🎓 PhD Research Project : Measurement of the ttH(bb) process in the dilepton final state with machine learning techniques at the CMS experiment

🎓 Thesis: Link to Thesis

📊 Presentation Slides: Link to Presentation

This thesis marks a significant advancement in the field of particle physics, presenting the first-ever measurement of the associated production of a Higgs boson and a top-quark-antiquark pair (ttH) in final states with two leptons, where the Higgs boson decays into a bottom-quark-antiquark pair (H->bb). The research utilizes proton-proton collision data collected at the CERN LHC with the CMS experiment at a center-of-mass energy of 13 TeV during 2016-2018 of Run 2, corresponding to an integrated luminosity of 138 fb-1.

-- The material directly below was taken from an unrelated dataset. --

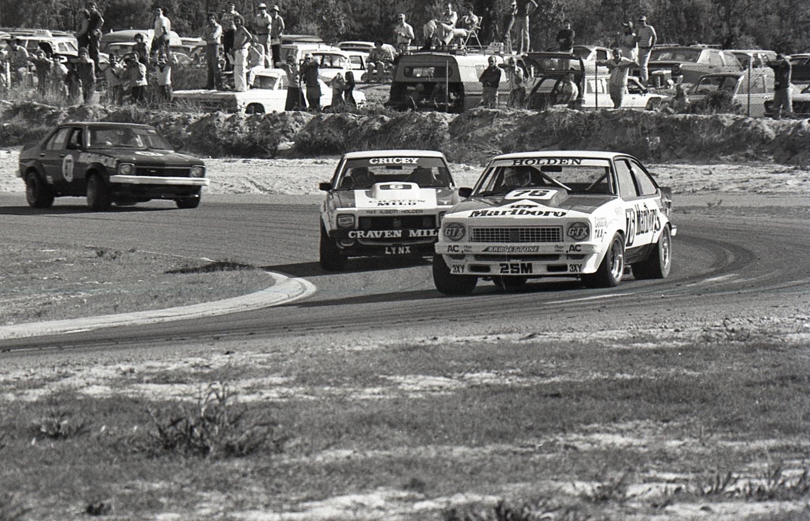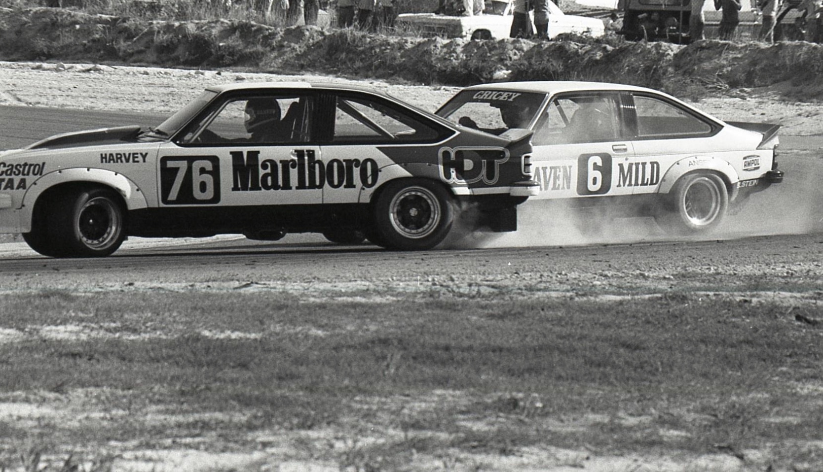Harvey and hard-man Allan Grice extend their Holden Torana A9X 5-litre cars during the Wanneroo Park, Perth ATCC round in May 1979. Car #87 is Ric Rossiter’s Torana L34.

In the Standard Model (SM), the Higgs boson interacts with elementary particles through a Yukawa-type interaction, with a coupling strength proportional to the particle mass. As the top quark is the heaviest elementary particle known to date, the ttH process is a crucial probe of the top-Higgs Yukawa coupling, providing vital insights into the SM nature of the Higgs boson. Moreover, the Higgs boson's H->bb decay presents the largest branching fraction in the SM, making it experimentally attractive as a final state.

The primary challenge in this study lies in the dominant background contributions arising from tt events containing additional jets not originating from the tt system (tt + jets), with tt + bb processes forming an almost irreducible background to the ttH, H->bb signal. To enhance the sensitivity of the measurement, innovative multivariate analysis techniques, specifically Artificial Neural Networks, are employed to extract the signal.

This research conducts comprehensive assessments of the performance and optimization of discriminants trained using Artificial Neural Networks alongside improved modeling of the dominant background contributions. The results are interpreted in terms of the inclusive ttH signal-strength modifier (μttH) and the first ttH, H->bb STXS measurement, serving as a powerful tool to test the SM predictions and explore new physics.

The statistical model used for measurements effectively describes the observed data, with the observed best-fit value for μ being 0.34+0.17(stat.)+0.20(syst.) for the combination of all decay channels. Additionally, the thesis delves into the luminosity measurement for the CMS experiment, calibrated using the Van der Meer method. Notably, an improved method is introduced to estimate the bias resulting from the assumption of factorizable proton densities of the beams, reducing the systematic uncertainty for measuring the integrated luminosity.

This research provides valuable insights into the interactions between Higgs boson and top quarks, further confirming the validity of the Standard Model while laying the groundwork for future discoveries in particle physics. The adoption of machine learning techniques enhances data analysis capabilities, offering exciting prospects for continued research and exploration at the forefront of particle physics.